One-year outcomes from the early feasibility study (EFS) assessing AltaValve System (4C Medical Technolgies)—a supra-annular transcatheter mitral valve replacement (TMVR) system designed to overcome limitations of existing mitral replacement technologies—demonstrate sustained clinical benefits with the device, investigators have reported.
Presenting the latest results during a late-breaking trials session at PCR London Valves (16–18 November, London, UK), Vlasis Ninios (Interbalkan Medical Center, Thessaloniki, Greece) reported that, in a population of patients including many who would have been ineligible to receive other mitral valve technologies, implanters achieved a high rate of technical success with the procedure, resulting in symptomatic improvements for patients.
Left ventricular outflow tract (LVOT) obstruction is a common limitation of existing TMVR technologies leading to high rates of screen failure for patients screened for TMVR trials, Ninios highlighted in his presentation, ranking this alongside mitral annulus size and the presence of mitral annular calcification (MAC) as the exclusions that comprise the “Achilles’ heel” of existing TMVR technologies. AltaValve System’s atrial fixation TMVR device is designed to minimise the risk of LVOT obstruction and treat a broad population of mitral regurgitation (MR) patients as well as varied mitral annulus sizes.
The device is a transseptal TMVR platform whereby the prosthetic valve is positioned above the native mitral valve via an atrial-only fixation that is intended to ensure that cardiac structures are retained within the left ventricle. The AltaValve implant is also designed to allow future left atrial access for other procedures.
Ninios described the deployment and positioning of the device, which features a 27mm bovine pericardial valve encased in a nitinol stent frame, as a “straightforward, single-stage” procedure, whereby a steerable guide is inserted into the left atrium and flexed down towards the mitral valve, with the implant then deployed from the mitral annular level to the top of the left atrium. The valve is repositionable and recapturable throughout the procedure.
“We have seen in the EFS data that the anatomical acceptance rate in using this technology is 77%,” Ninios commented, adding that more than half (53%) of the 30 patients included in the trial had a narrow LVOT and had been rejected for other technologies. Added to this, 27% of the patients had large annuli, defined as a diameter >48mm, and moderate-to-severe MAC was seen in 23% of patients.
Enrolled at sites in Europe, USA and Japan, patients were eligible for inclusion if they were deemed high risk for surgery and had symptomatic, severe MR. More than half (63%) of patients were female, and there was an even split between patients with functional or degenerative MR.
The study included 13 patients who were treated via transapical approach, however today, only the less invasive transseptal approach is utilised. Seventeen patients in the study were treated using the transseptal approach.
Technical success of the procedure was high (97%) with only one patient converting to surgery. The device resulted in total elimination of MR in all cases, with mitral valve gradients averaging 2.5mmHg at baseline and 2.1mmHg post-procedure. Additionally, computed tomography (CT) analysis showed that the AltaValve implant increased the neo-LVOT by approximately 0.8cm2, and the valve’s annular ring moved away from the LVOT during systole, preserving native MV dynamics.

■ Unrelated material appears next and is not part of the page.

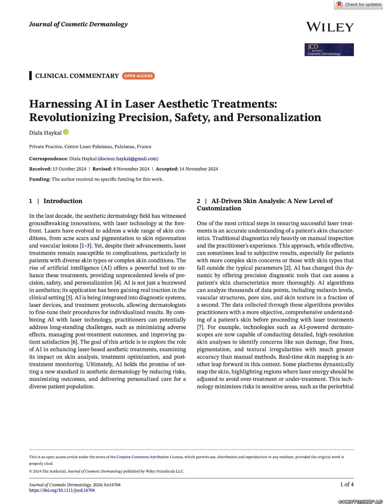 過去十年間,美容皮膚科領(lǐng)域因激光技術(shù)的創(chuàng)新而發(fā)生了顯著變革,激光技術(shù)始終處于該領(lǐng)域發(fā)展的前沿。激光已逐漸發(fā)展成為一種能夠有效治療多種皮膚狀況的手段,其應(yīng)用范圍涵蓋了從痤瘡疤痕、色素沉著到皮膚年輕化以及血管病變等諸多方面。雖然激光技術(shù)取得了長足的進步,但在實際應(yīng)用中,激光治療并非毫無風(fēng)險,尤其是在面對皮膚類型各異或者皮膚狀況較為復(fù)雜的患者時,仍然容易出現(xiàn)各種并發(fā)癥。人工智能(AI)技術(shù)的興起,為改善激光治療效果提供了一種極具潛力的強大工具。AI 技術(shù)的應(yīng)用能夠在激光治療過程中提供前所未有的高精度、高安全性以及高度個體化的治療方案。如今在醫(yī)美領(lǐng)域,人工智能已經(jīng)不再只是一個熱門的流行詞匯,其在臨床實踐中的應(yīng)用正逐漸獲得實質(zhì)性的進展和廣泛的認可。目前,人工智能技術(shù)正在逐步融入到診斷系統(tǒng)、激光設(shè)備以及治療方案等各個環(huán)節(jié)之中,這使得醫(yī)生能夠更加精細地調(diào)整治療程序,為每一位患者提供更加個體化的治療結(jié)果。將人工智能技術(shù)與激光技術(shù)結(jié)合,有望克服激光治療長期面臨的諸多挑戰(zhàn),例如如何最大程度地減少治療過程中的不良反應(yīng)、如何更加有效地管理治療后的效果以及如何顯著提高患者對治療的滿意度等。本文旨在深入探討人工智能技術(shù)在提升激光美容治療效果方面可能發(fā)揮的重要作用,詳細論述其對皮膚分析、治療優(yōu)化以及治療后監(jiān)測等環(huán)節(jié)的深遠影響。人工智能技術(shù)有望通過降低治療風(fēng)險、最大化治療效果以及為不同患者群體提供更加個性化的護理服務(wù),在美容皮膚治療領(lǐng)域樹立全新標(biāo)準(zhǔn)。

All-cause mortality stood at 17% at one year among patients in the transapical cohort and 7% in the transseptal cohort, with a rate of cardiac mortality of 14% among transapical patients and 0% among transseptal patients. Valve thrombosis occurred in one patient (who did not adhere to medication schedule), and one new pacemaker implantation was required across the entire cohort. There were no incidences of stroke, new-onset atrial fibrillation or need for mitral valve reintervention across the entire patient group. New York Heart Association (NYHA) class improved to class I–II in 96% of patients at one year.
A recent paper, published in JACC: Advances and authored by Nadira Hamid (Minneapolis Heart Institute, Minneapolis, MN), suggests evidence of reverse-remodelling post implantation, Ninios said, with reduction in left atrial volume and left atrial strain, correlating with sustained clinical benefit of improvements in NYHA, Kansas City Cardiomyopathy Questionnaire (KCCQ) scores and six-minute walk tests.
Follow-up from the EFS is expected out to five years, while further study of the device is ongoing with enrolment having begun in the ATLAS pivotal study at European and US sites. ATLAS will include a MAC cohort of 100 patients, as well as a primary cohort of up to 350 patients, Ninios said.
“The one-year outcomes show sustained clinical benefit,” he commented in summary of the overall findings of the study so far. “It’s a heavy burden to do TMVR. We’ve seen that it has been a field that the community has been struggling for years. You really have to carry the weight, and the ATLAS trial hopefully will help us to achieve that.”